QT has been around as a rowing skiff for a long time now and was last reviewed in the 15nov00 issue. But each set of QT rowing skiff plans also included a set of plans for a powered version of QT. I just got photos of a completed power version of QT from Barron Wester of Smyrna, Ga. The photo shows him in his local waters using a 2.5 hp outboard.

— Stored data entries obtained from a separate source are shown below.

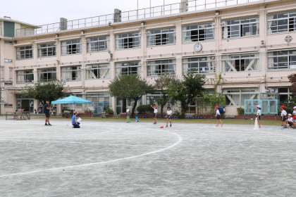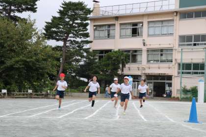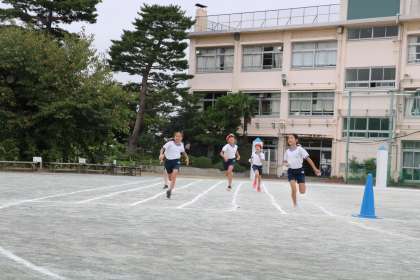 3年生短距離走の様子です。この角度・位置から当日「BAND」配信いたします。
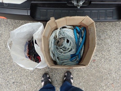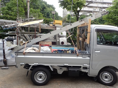K様にお買い上げ頂きましたエアコンと、部材一式を積んで出発です。
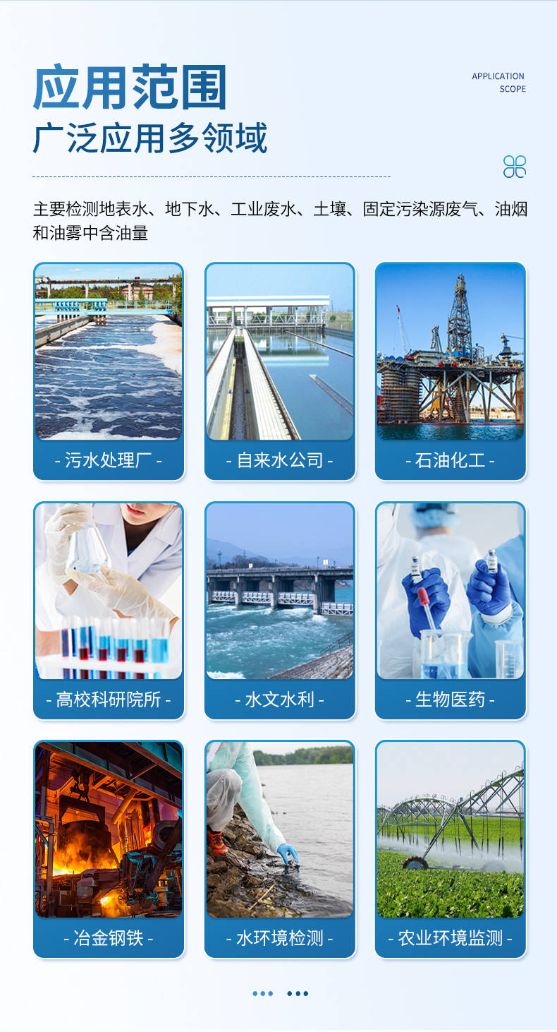 环境监测系统:地表水、地下水、工业废水、土壤中油类污染物的检测。
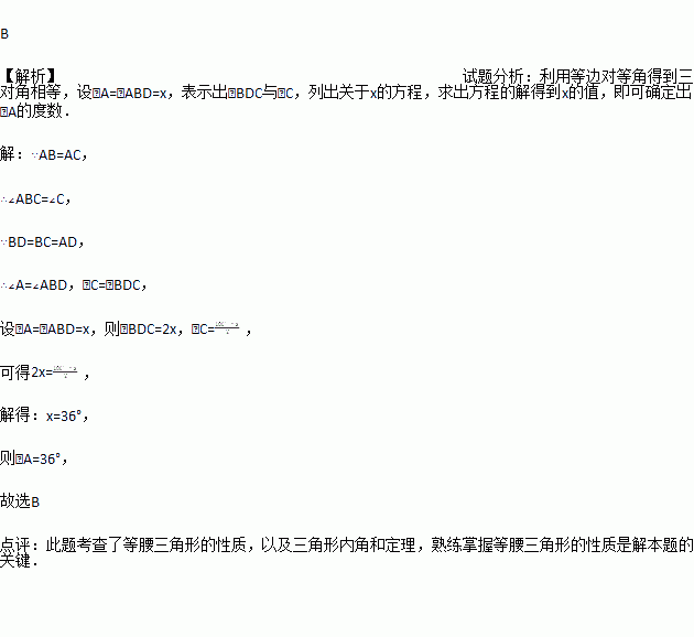 如图,在△ABC中,∠A=36°,AB=AC,BD是△ABC的角平分线,若在边AB上截取BE=BC,连接DE,则图中等腰三角形共有( )
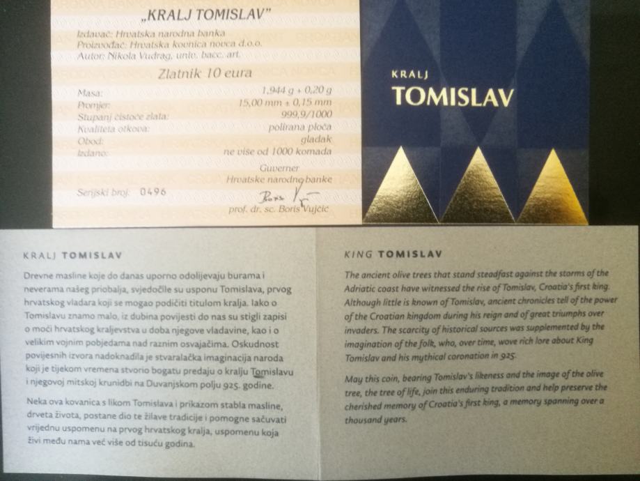 Zlatnik - KRALJ TOMISLAV - izdan u samo 1000 primjeraka - CERTIFIKAT - 1/16 unce,
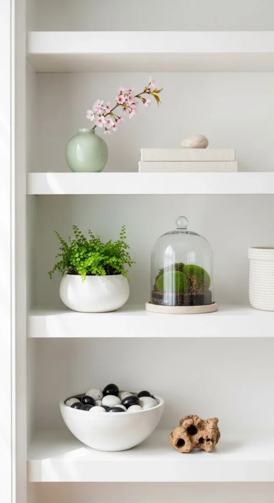 6. Add One Natural Element Per Shelf
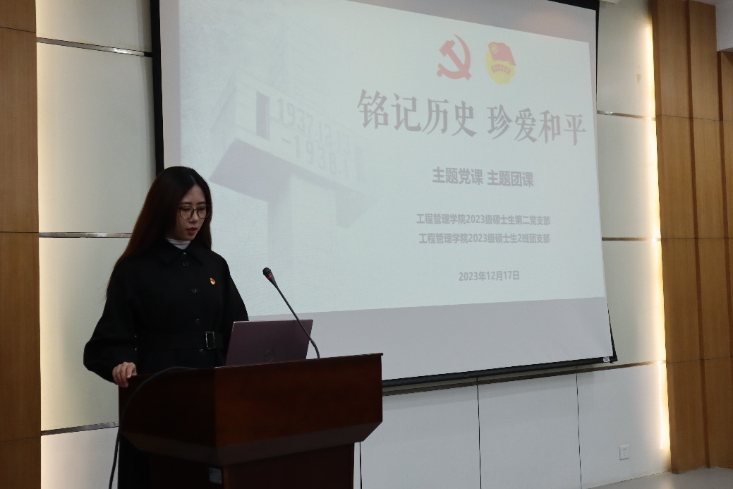 12月17日中午,支部在学院内组织开展“铭记历史,珍爱和平”主题团课。主讲人梁婷向支部团员们讲述了南京大屠杀的历史背景、事件经过及人员伤亡情况,以约翰拉贝、程瑞芳等人的故事为例,介绍了他们致力于南京大屠杀史实传播、维护世界和平的相关事迹,为团员们讲述了国家公祭日的由来和意义。
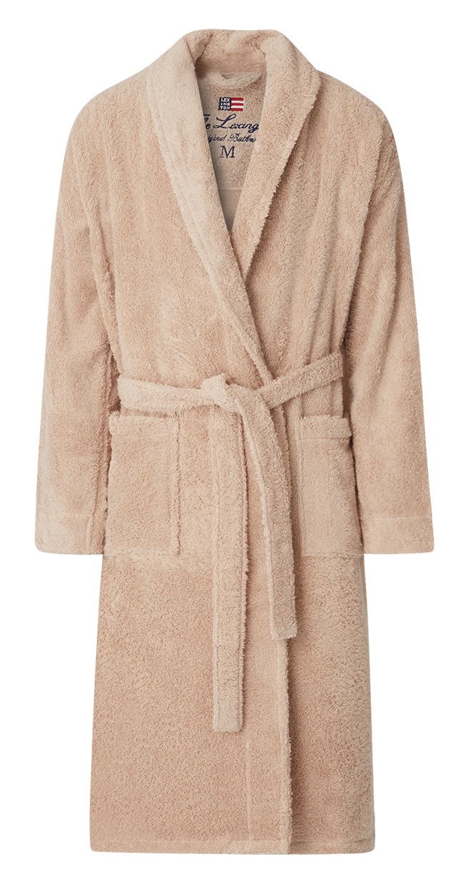 Dieser hochwertige Bademantel von Lexington aus schönem Frottee ist sehr weich und kuschelig und durch den großzügigen Schnitt ungemein bequem. Der dekorative Schalkragen schmiegt sich wunderbar an und verleiht dem edlen Bademantel eine sportlich-lässige Note. Der schöne Bademantel hat zwei aufgesetzte Vordertaschen, die praktisch und dekorativ zugleich sind. Die Größe M entspricht bei Damen 40/42 und bei Herren 48.
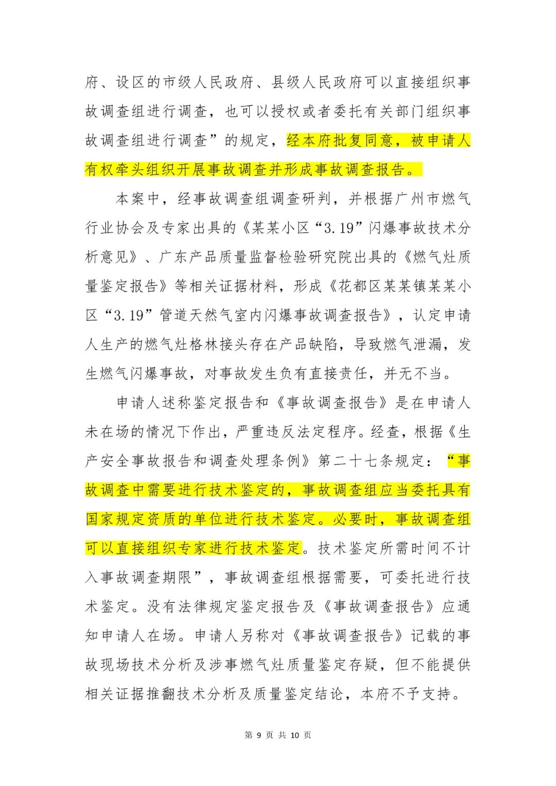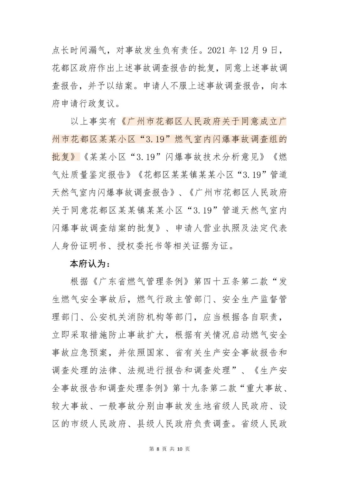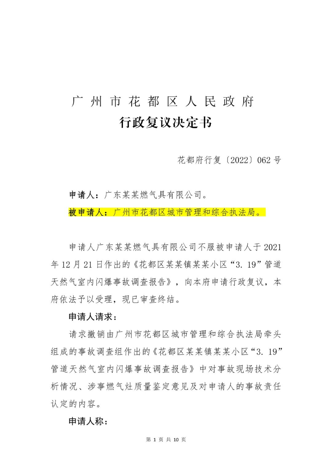 爆燃事故调查报告可否申请行政复议?被申请人是谁?……广州这份复议决定书给出答案

The power QT is nearly identical to the rowing QT except that its bottom runs straight aft from the maximum beam, a "straight run" as they say, with no rocker in the stern at all. This is critical in a power boat that will be getting some dynamic lift from its speed over the water (unlike the rowing version whose lift all comes from "displacement" of the surrounding water as the boat sinks to a level where its weight equals the weight of the water it has "displaced"). I think there are two reasons why the straight run is critical for a power boat. One is that as the boat speeds up it tries to climb over its own bow wave and as it does so it lifts its bow. The boat must have a lot of stern volume or else it will bury deeply at the stern and its bow will point to the sky alarmingly. The second reason is that with the typical outboard motor arrangement, most of the boat's weight is concentrated in the stern, the skipper's weight being usually the largest item. Even with no motion a good rowing boat with its fine stern lines can't handle that weight back there - its bow would point skyward and its stern dangerously close to swamping even without starting the motor. The upshot of this is that a good rowing boat can never be a good power boat, and a good power boat can never be a good rowing boat.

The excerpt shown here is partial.